Jason Del Rey

Recent Posts by Jason Del Rey

How Jeff Bezos Crushed Diapers.com So Amazon Could Buy Diapers.com

A day after the New York Times dropped an excerpt of a juicy upcoming book about Twitter, Bloomberg Businessweek has published an excerpt of journalist Brad Stone’s book about Amazon and CEO Jeff Bezos, due out on Oct. 15.

While the book, “The Everything Store: Jeff Bezos and the Age of Amazon,” may not match the stories of treachery from Nick Bilton’s Twitter tale, Stone’s account is heavy on stories about Bezos’s ruthlessness.

One example: The story of how Amazon.com came to acquire one of its hotshot competitors, Quidsi, the parent company of Diapers.com.

Stone explains how Amazon has a secretive unit — dubbed Competitive Intelligence — responsible for ordering large quantities of goods from competitors to analyze their businesses. This division eventually became aware of Diapers.com and its parent company Quidsi, and dispatched M&A chief Jeff Blackburn to initiate acquisition discussions.

Quidsi’s founders originally rebuffed acquisition offers from Amazon. So Bezos’s Amazon sent them a message, Stone explains:

“Soon after, Quidsi noticed Amazon dropping prices up to 30 percent on diapers and other baby products,” Stone writes. “As an experiment, Quidsi executives manipulated their prices and then watched as Amazon’s website changed its prices accordingly. Amazon’s pricing bots — software that carefully monitors other companies’ prices and adjusts Amazon’s to matc — were tracking Diapers.com.”
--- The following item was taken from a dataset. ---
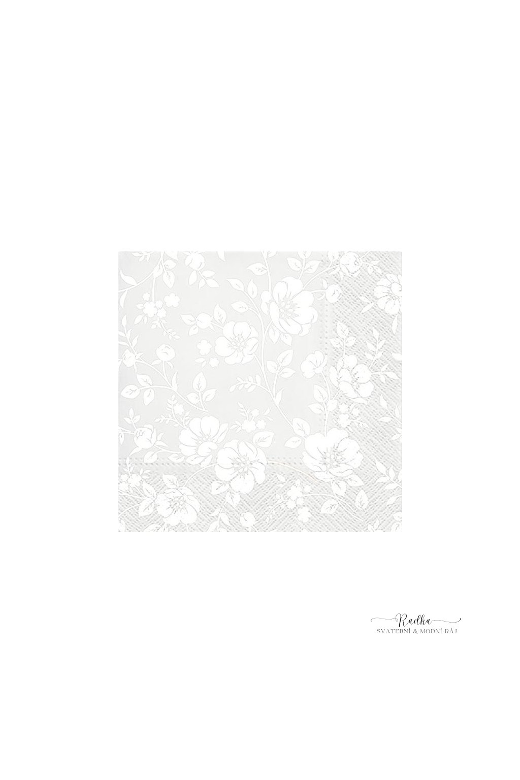 Svatební papírové ubrousky se vzorem krajky s podkladem jemně šedostříbrné barvy .

Diapers.com revenue growth eventually slowed under Amazon’s pricing pressure, and the founders engaged in acquisition talks, agreeing to a $540 million buyout.

As Stone tells it, Walmart eventually made Quidsi a better offer of $600 million, but it was too late by then.
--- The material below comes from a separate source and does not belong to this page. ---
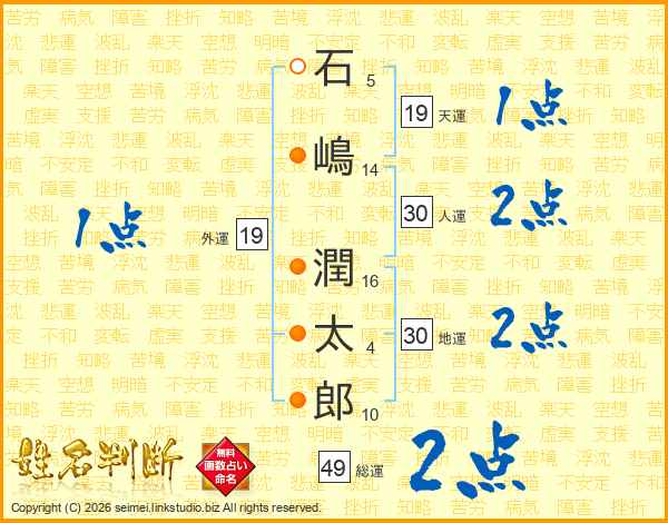 石嶋潤太郎さんの総運は49画の2点!

“The Quidsi executives stuck with Amazon, largely out of fear,” Stone writes.

The excerpt also discusses how the most-feared emails within Amazon are forwarded customer complaints from Bezos, accompanied by a single character: A question mark.

Stone recounts the story of how one such complaint led Bezos to almost shut down Amazon’s entire email marketing division, responsible for hundreds of millions of dollars of revenue.

Because of customer feedback emails, Bezos had discovered that Amazon shoppers who browsed for personal lubricants were receiving personalized follow-up emails about these products.

Bezos threatened to shut down the entire email marketing operation, and then had a team work for months on plans to replace all of the marketing emails that Amazon sent out with one weekly digest email.

That plan was eventually scrapped, but a different kind of compromise was reached:

“E-mail marketing would be terminated for certain categories such as health and personal care,” Stone writes. “The company also decided to build a central filtering tool to ensure that category managers could no longer promote sensitive products, so matters of etiquette were not subject to personal taste.”

Bezos himself was not interviewed for the book, Stone writes. But he allowed the participation of hundreds of former and current Amazon employees.

Perhaps the most compelling piece of the excerpt centers not on Amazon, but on Bezos’s family backstory. Born to a 17-year-old mother and a teenage father, Bezos eventually grew up with his mother and her second husband, Miguel Bezos.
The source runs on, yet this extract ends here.